Commutative rings among whose proper subrings (with unity) , there exist a unique field

Question

Let $R$ be a commutative ring with unity , let us say $R$ has property P if the following holds : There exists a unique field among all proper subrings of $R$ (with the same unity as that of $R$) .

My question is : Let $R$ be a ring with property P which is not a field ; then does $R[X]$ also has property P ?

Note that it is necessary to assume $R$ is not a field . Otherwise say $R=\mathbb Q(\sqrt 2)$ has property P but clearly $R[X]$ doesn't .

If $R$ has non non -zero nilpotent then $R[X]^{\times}=R^{\times}$ and $R$ has property P and if $F$ is the unique proper subfield of $R$ , then $F$ is also a subfield of $R[X]$ . If $K$ is any other subfield of $R[X]$ , then $K \setminus \{0\} \subseteq R[X]^{\times}=R^{\times}$ implies $K \subseteq R$ and $R$ is not a field and $R$ has property P then implies $K=F$ . So if $Nil(R)=\{0\}$ and $R$ is not a field and has property P, then so does $R[X]$ .

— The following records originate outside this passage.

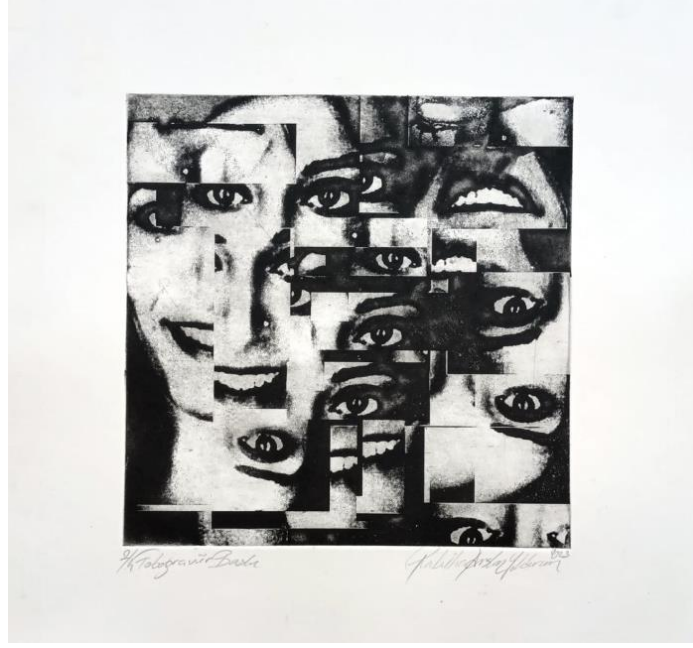
Şekil 1. Rabiha Arslan Yıldırım, İsimsiz , Fotogravür Baskı, 29,5x29,5 cm, 2023.

Baskiresimlerde, yapıbozuma/yapısöküme uğratarak yeniden inşa edilen portrelerin; anlam olarak çoğullaşması ve biçim yönünden deforme edilmesi, parçalanması ile anlam, biçim ve ifade yönünden yapısöküm yaklaşımı görülmektedir. Kare formunda kalıplar oluşturularak baskısı alınan çalışmalar ile erkek egemen toplum içerisinde kadın ve kimliğinin sınırlamasına eleştirel bir yaklaşım sergilenmektedir. Bu sınırlar içerisinde parçalanan kadının yer yer soyutlanması, siyah renkle kadının içerisinde olduğu çaresizliğinin vurgulanması, yanı sıra siyahın ölümü, karamsarlığı çağrıştırmaları, beyaz rengin ise özgürlüğü temsil etmesi açısından etkileyicidir (Şekil 2).
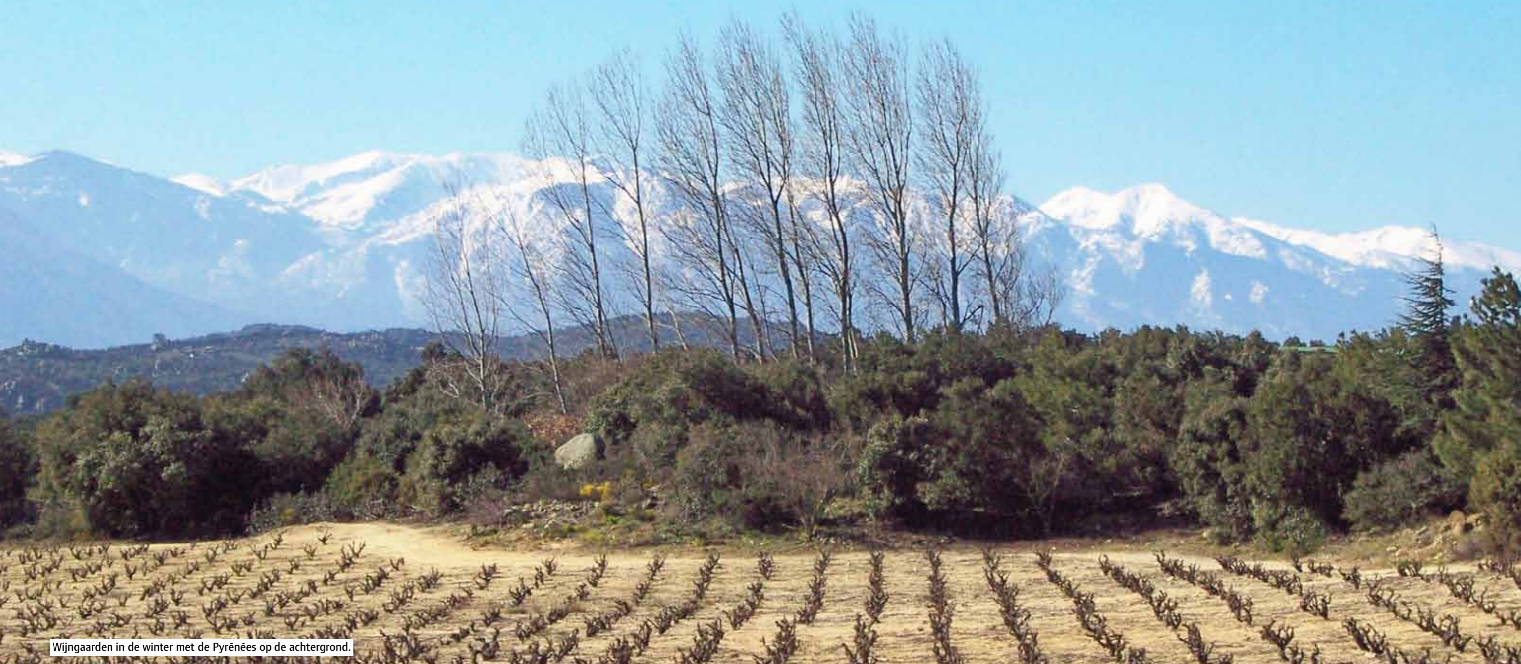
Wijngaarden in de winter met de Pyrénées op de achtergrond.
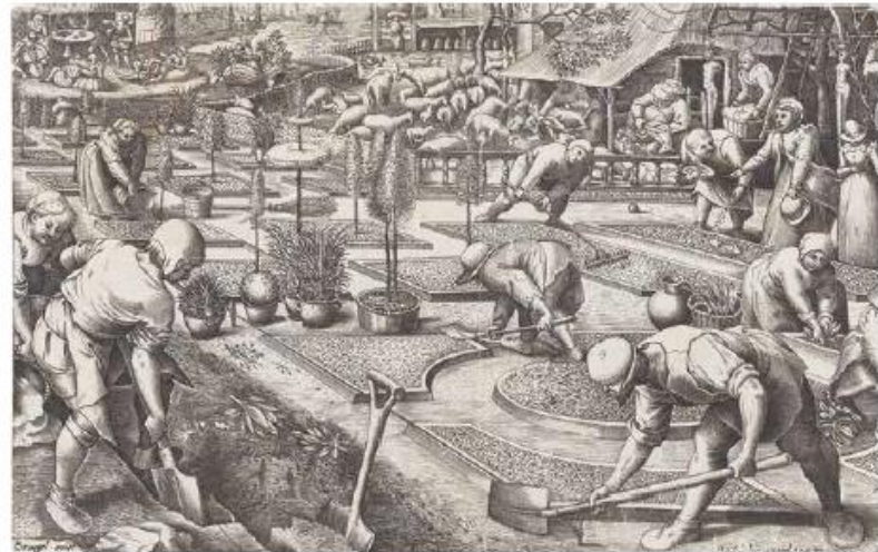
Mijnke Buskens: 'De tuin', 2012, 100 x 100 cm, potlood op papier met goud.
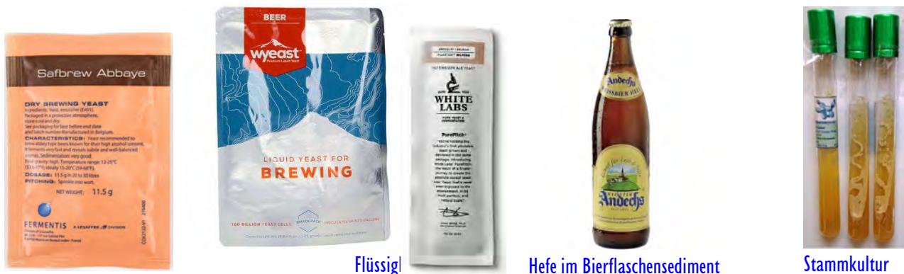
Abb. 1. Trockenhefe

Eine zweite einfachere Strategie ist die Zufuhr einer hohen Zahl an Wunsch-Bierhefen, die unter günstigen Wachstumsbedingungen die Zahl der ebenfalls sich vermehrenden Fremdhefen und Bakterien durch eine rasche Hauptgärung bei weitem überkompensiert und letztere sogar durch die entstehenden End- und Nebenprodukte wie Ethanol, Kohlenstoffdioxid CO 2 im Schach hält.
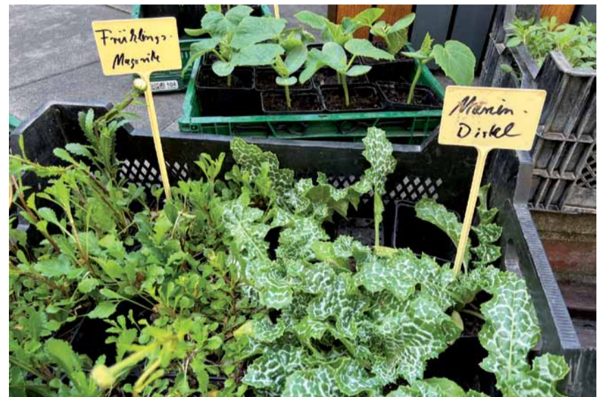
Die Hauptattraktionen waren: Wildkräuter, Kräuter, Blumen vom Fleckenbühler Hof und der Jugendhilfe Leimbach. Gesundes mit Kräutern herstellen und Kräutersträuße binden. Ein Barfußpfad und Leckereien aus der Küche und der Bäckerei. Ein Flohmarkt und ein Glücksrad. Das Ganze musikalisch untermalt von den „Singing Sixties“
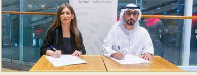
دبي - جمعية الصحفيين

تنفيذ برامج تدريبية وورش عمل في مجال الإعلام
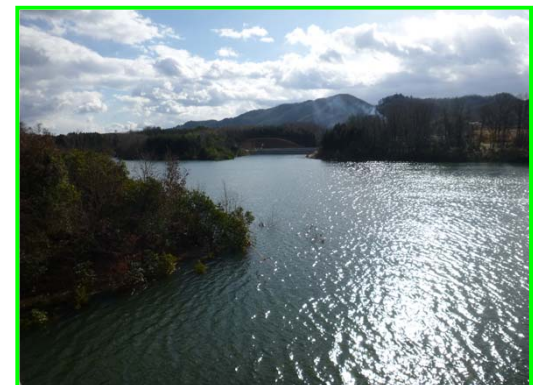
(右岸林道より遮水擁壁工を見る。)
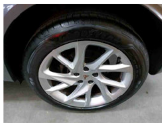
Räder - Rad montiert hinten links
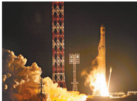
俄運載火星探測器「福布斯-土壤」火箭升空一刻。資料圖片

俄羅斯昨日稱，日前墜落地球的俄羅斯火星探測器「福布斯-土壤」，可能受到美國雷達的輻射影響以致失靈，未能脫離地球軌道飛往火星。 俄羅斯聯邦航天局 (Roscosmos) 前局長、現任俄羅斯國營技術公司科學委員會主席科普托夫說：「這理論是存在的。為測試這理論，我們需將一個與火星探測器相似的設備，暴露在美國雷達輻射的環境中。」 俄副總理羅戈津昨日稱，俄航天局的太空任務失敗個案，絕大多數是因上世紀90年代資金匱乏，以致生產不少有缺陷的設備所帶來的後遺症，「但若證實外國影響我們的太空設施，我們可能會得出截然不同的結論。」 俄航天局現任局長波波夫金上週公開質疑，「為何俄國太空船總在西半球上空失靈？」認為可能有外國勢力「搞鬼」。 ■法新社
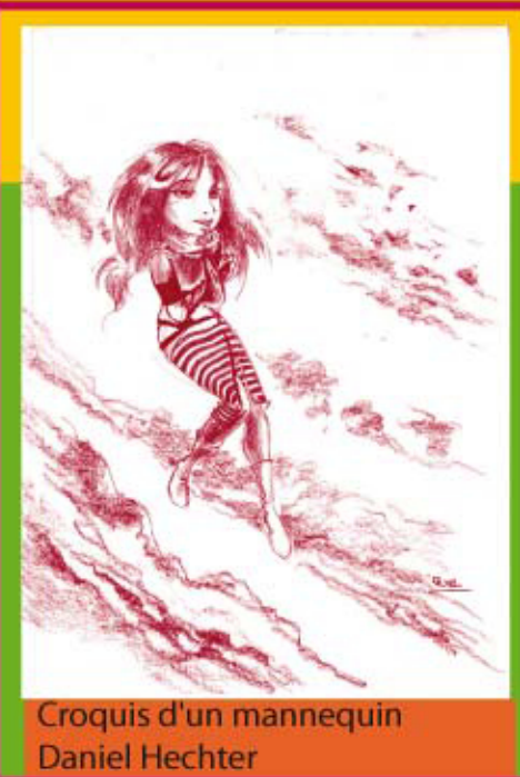
Croquis d'un mannequin Daniel Hechter

Justine et Julien, les 2 héros qui expliqueront aux enfants comment bâtir une histoire dans : J'apprends la BD Parution 2è trimestre 2010.
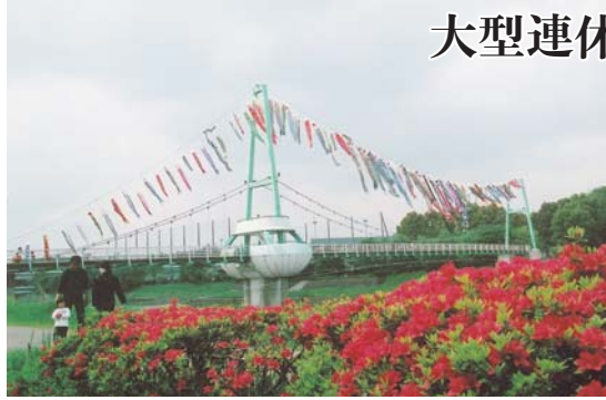
▲鯉のぼりは、毎年市少年野球連盟の監督やコーチなどの手により、揚げられています

4月29日から5月10日まで、新川ゆらゆら橋に鯉のぼりが揚げられました。この鯉のぼりは、八千代ふるさと親子祭実行委員会が“子どもが大きくなり、何年も物置や押し入れに眠ったまま使われなくなった物を再び空に帰そう”と、広報などを通じて市民に寄贈を呼びかけ集めたもの。今年は、約80匹の鯉のぼりが、川幅いっぱい泳ぎました。家族で見に来ていた人は「毎年、見に来ています。青空だったらよかったのに、今日はちょっと残念ですね」と話していました。
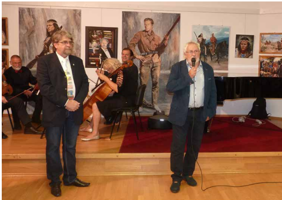
Z vernisáže.
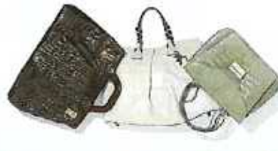
가방 (여행가방, 골프가방은 대량폐기물)
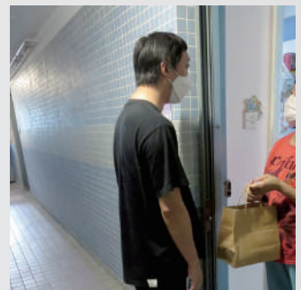
▲佛教正行長者鄰舍中心的社工會定期探訪隱蔽長者，並親自送出支援物資。
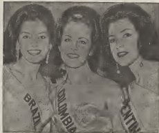
Esaki ta e tres bellezanan di Sur America cu a resulta e finalistanan den e concurso pa "Miss Universo".

This is what I have observed about rings with property P : $R$ properly contains $\mathbb Q$ or $\mathbb Z_p$ ( for some prime $p$ ) as a subring according as $char R=0$ or positive ; let us call this unique subfield of $R$ the prime subfield . If $R$ is an integral domain , and we consider $R$ as a subring of its field of fractions, then either every element of $R\setminus F $ ( this is non-empty) is transcendental over $F$ or some $a \in R\setminus F$ is algebraic over $F$ , in which case $R=F[a]$ is a field and so $[R:F] < \infty$ ; where $F$ is the prime subfield of $R$. If $R$ it self is a field with prime subfield $F$ , and $t \in R \setminus F$ is transcendental , then $F \subseteq F(t^2) \subseteq F(t) \subseteq R$ and $F \ne F(t^2) , F(t) \ne F(t^2)$ shows then $R$ has more than one proper subfield ; hence no element in $R$ can be transcendental over $F$ if $R$ is a field , and $R=F[b]=F(b) , \forall b \in R \setminus F$ . So moreover , if $R$ is a field of positive characteristic , then $R$ is a finite extension over $\mathbb Z_p$ , so let $R \cong F_{p^n}$ , but then property P implies $n=[R : \mathbb Z_p]$ has to be a prime . Hence a field $R$ of positive characteristic has property P if an only if $R \cong F_{p^q}$ for some primes $p$ and $q$ , where $p=char R$ .

Answer 1

Edit: OP points out that this argument only works if $R$ has no non-zero nilpotents.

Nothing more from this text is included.